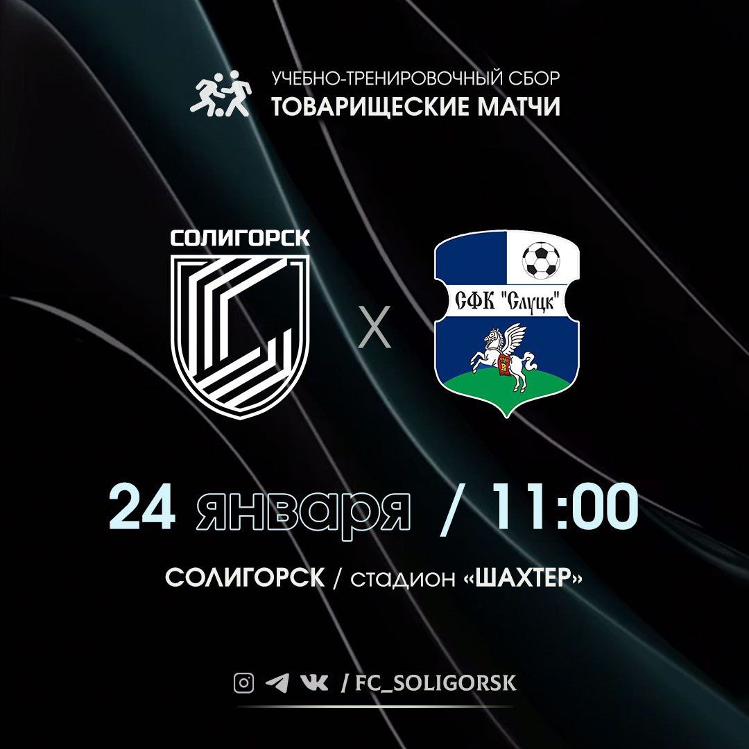 ⚽️ Товарищеский матч с ФК "Слуцк-2024" состоится 24 января в 11:00 🏟 Стадион "Шахтер"
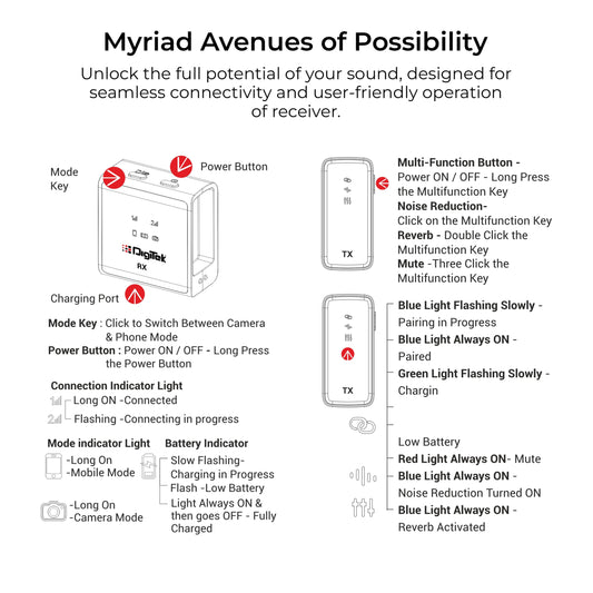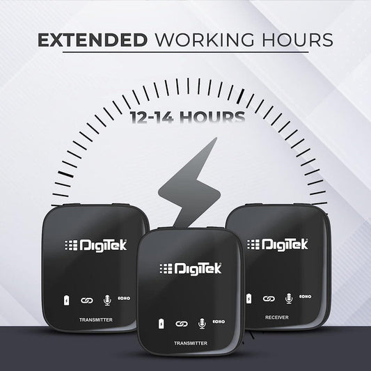 Digitek® (DWM 101) Wireless Microphone System with ANC Noise Reduction, 360° Sound Capture, 100M Range, Upto 12 Hrs Working Time, for DSLR Camera, Android & iOS Smartphones, Seamless Audio Recording
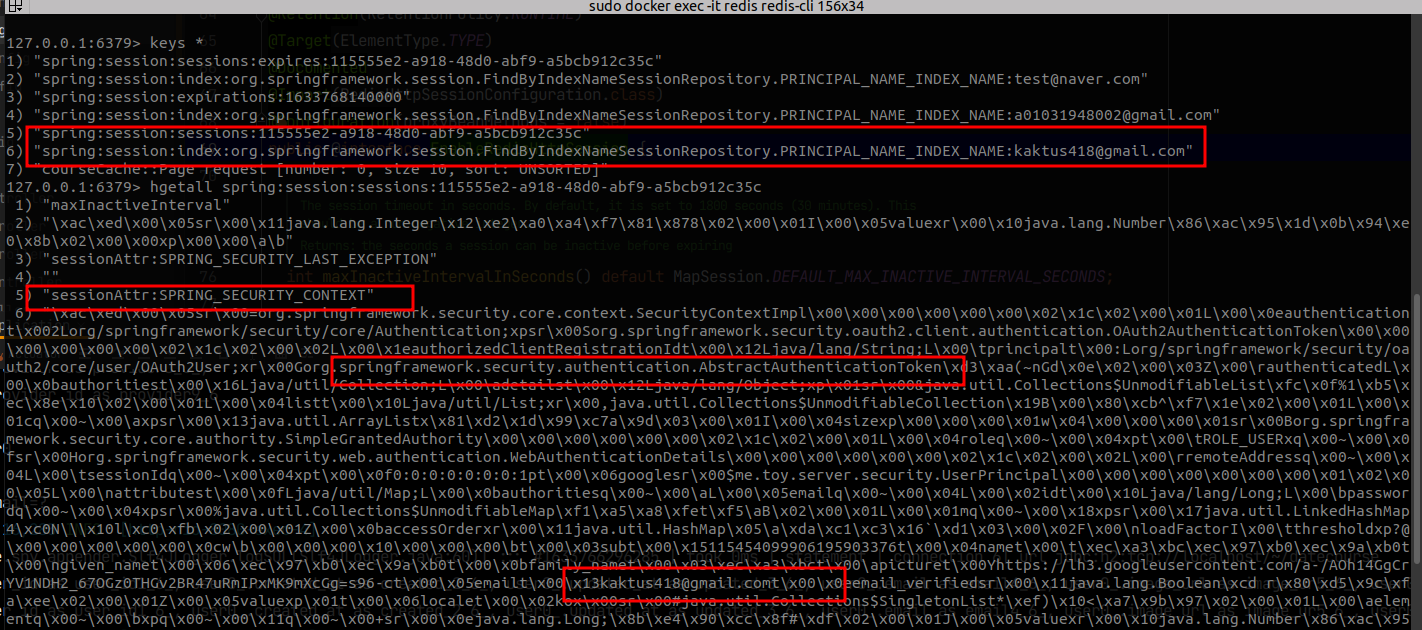 이제 Spring은 session을 Redis에 저장해주게 되는데요 저는 Spring Security를 사용하고 있기 때문에
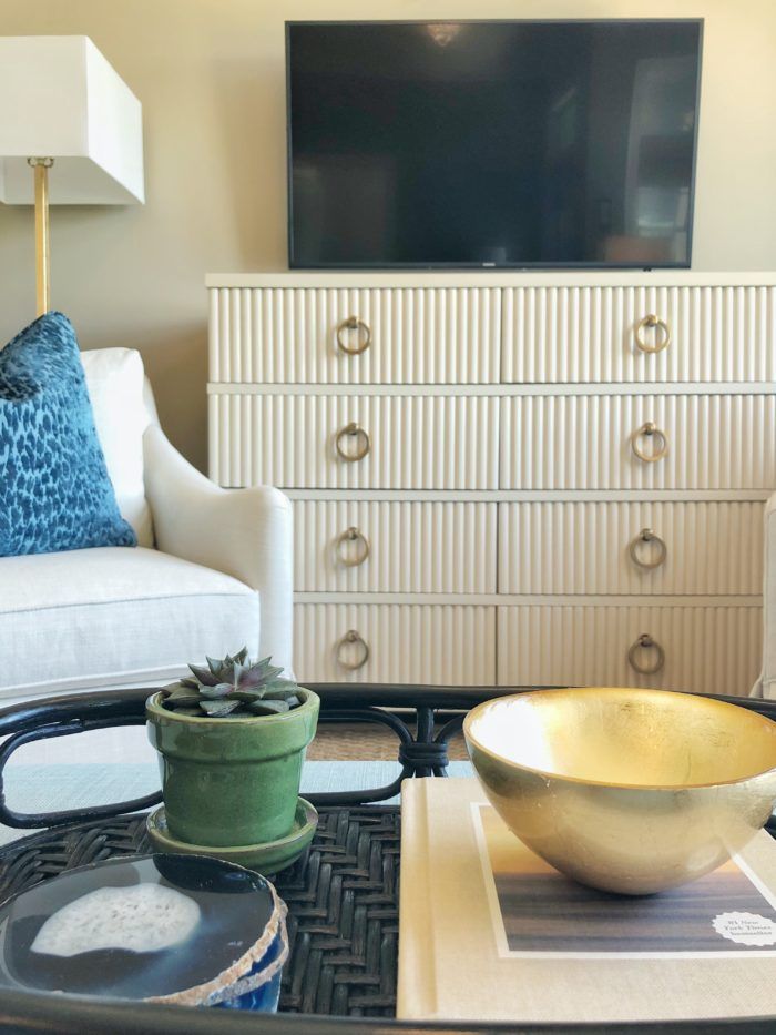 Source for inspiration: “I grew up around beautiful interiors,” says Stump. “My mom had a knack for it.” Today, Stump’s condo is filled with design-focused coffee table books, and she subscribes to Elle Decor and Traditional Home magazines. “I also follow what feels like hundreds of interior designers on social media,” she says, siting Collins Interiors and Jenkins Interiors as two favorites on Instagram.
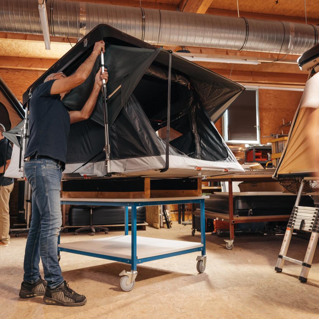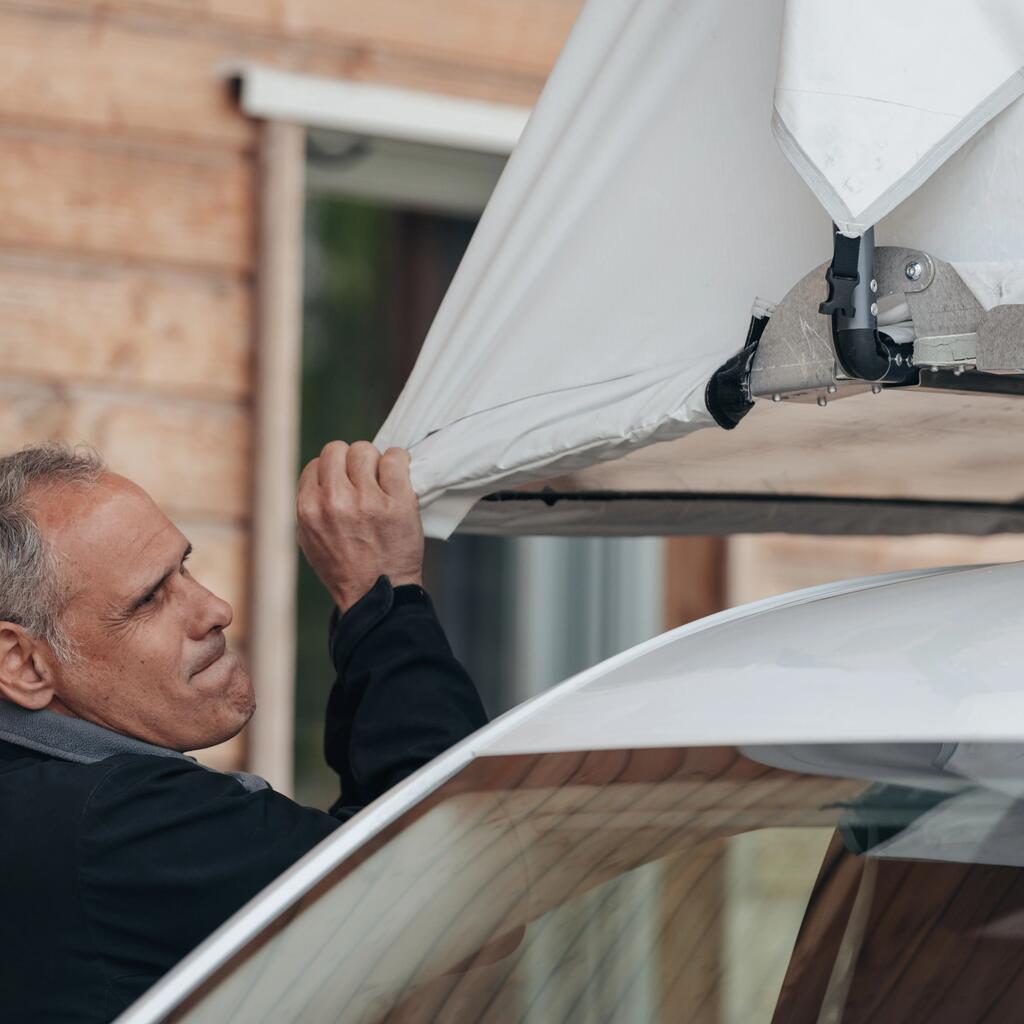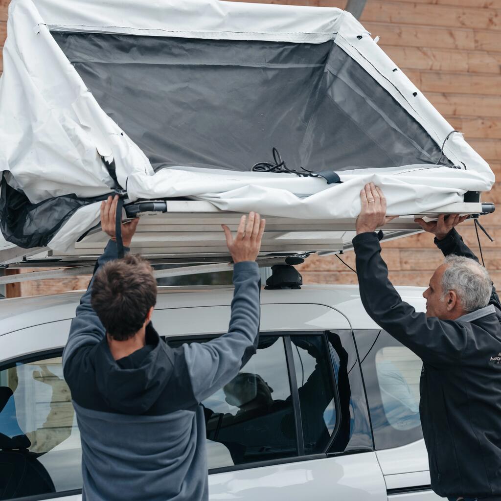This Quechua x NaïtUp rooftop tent is the result of a collaboration between 2 French experts in the field of the rooftop tent, Naïtup and Quechua. The shared expertise of each person has allowed us to develop a very compact, quick and easy to pitch rooftop tent.
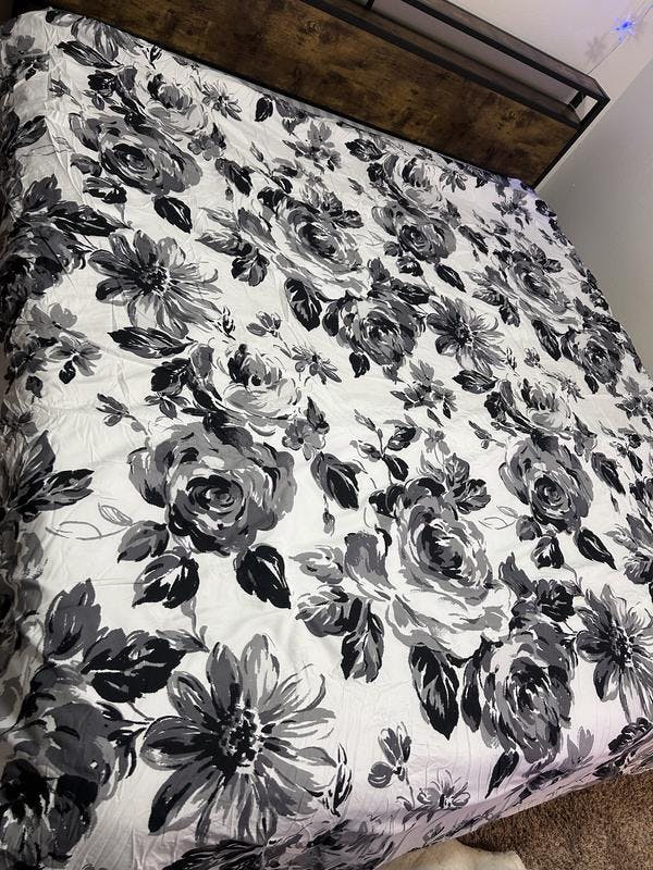 Transform your bedroom with the beautiful contrast of the Floral Print Comforter Set. The ultra-soft microfiber comforter and sham(s) flaunt a floral print in black and white for an elegant appeal. A solid black reverse on the comforter complements the top of the bed with a bold touch. Two decorative pillows with hypoallergenic filling are also included to complete the bedding set. Machine washable for easy care, this floral comforter set adds a stunning transitional look to your bedroom décor. This bedding set uses an antimicrobial treatment that provides built-in freshness protection, reducing the growth of odor causing bacteria to keep fabric lasting longer.
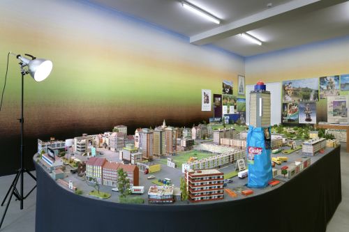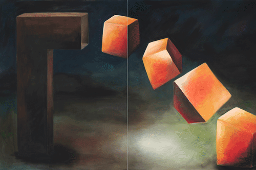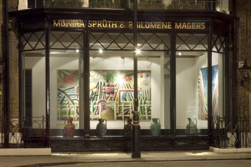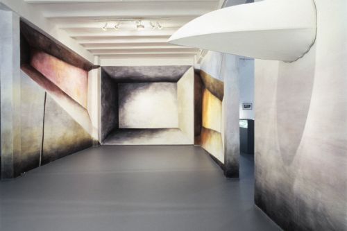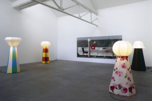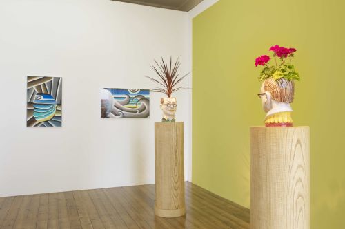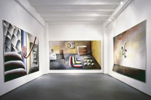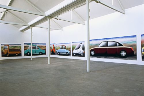 His repertoire of middle-class emblems thrives on the almost brazen simplicity of their pictorial settings. The “subjects” of these renderings include such commonplace things as peas, geraniums, fruit or porcelain dishes. Everyday objects such as sofas, cars, windows, rocks or Mars bars are arranged in humorous tableaux. Shaded geometric and biomorphic sausage-like shapes are contrasted with spherical color gradients in the background. Built-in kitchen cabinets, absurd pipe constructions or the kind of fringed roller found in a car wash are interspersed with abstracted household objects and the occasional indoor plant. Interiors and landscapes merge. Prefabricated houses are captured in an oblique bird’s eye view. In series that he revisits again and again, Schulze paints pictures of spheres and windows. His car paintings resemble assemblages of car doors, bumpers, and windshields, masterfully-painted yet quite possibly cobbled together by a mischievous child. Although primarily active as a painter, Schulze has repeatedly expanded his artistic universe to include sculptures and installations. He has also designed lamps and carpets himself and staged living room interiors on floor paintings that can resemble a lawn or a street intersection.
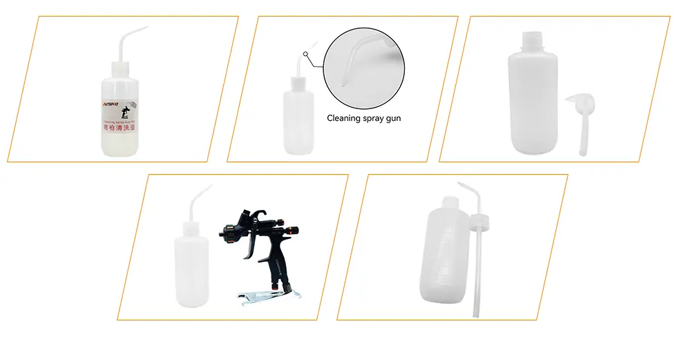 Ayspat Spray Gun pro mytí pistolí je efektivní nástroj pro čištění stříkací pistole s vynikajícím čisticím efektem. Může rychle opláchnout barvu zbývající ve stříkací pistoli, která může lépe chránit přesné části uvnitř stříkací pistole. Hrnec pro mytí stříkací pistole se snadno ovládá a intenzitu a směr toku kapaliny lze přesně ovládat stisknutím těla láhve. Po malířské operaci použijte mycí nádobu pro mytí pistole k naložení rozpouštědla k propláchnutí skvrn komplexních potrubí uvnitř stříkací pistole, které mohou udržovat stříkací pistoli a výrazně prodloužit svou životnost. Láhev pro praní zbraní je vyrobena z měkkého a lehkého materiálu PP, který je odolný vůči korozi rozpouštědly, jako je aceton a toluen. Je to ideální řešení pro vaši údržbu stříkací zbraně.
________________________
Work instruction:
Your task is to reproduce exactly the lines from the start of the data above through the line containing "이제 Spring은 session을", leaving every picture out.

Your response:
 ⚽️ Товарищеский матч с ФК "Слуцк-2024" состоится 24 января в 11:00 🏟 Стадион "Шахтер"
 Digitek® (DWM 101) Wireless Microphone System with ANC Noise Reduction, 360° Sound Capture, 100M Range, Upto 12 Hrs Working Time, for DSLR Camera, Android & iOS Smartphones, Seamless Audio Recording
 이제 Spring은 session을 Redis에 저장해주게 되는데요 저는 Spring Security를 사용하고 있기 때문에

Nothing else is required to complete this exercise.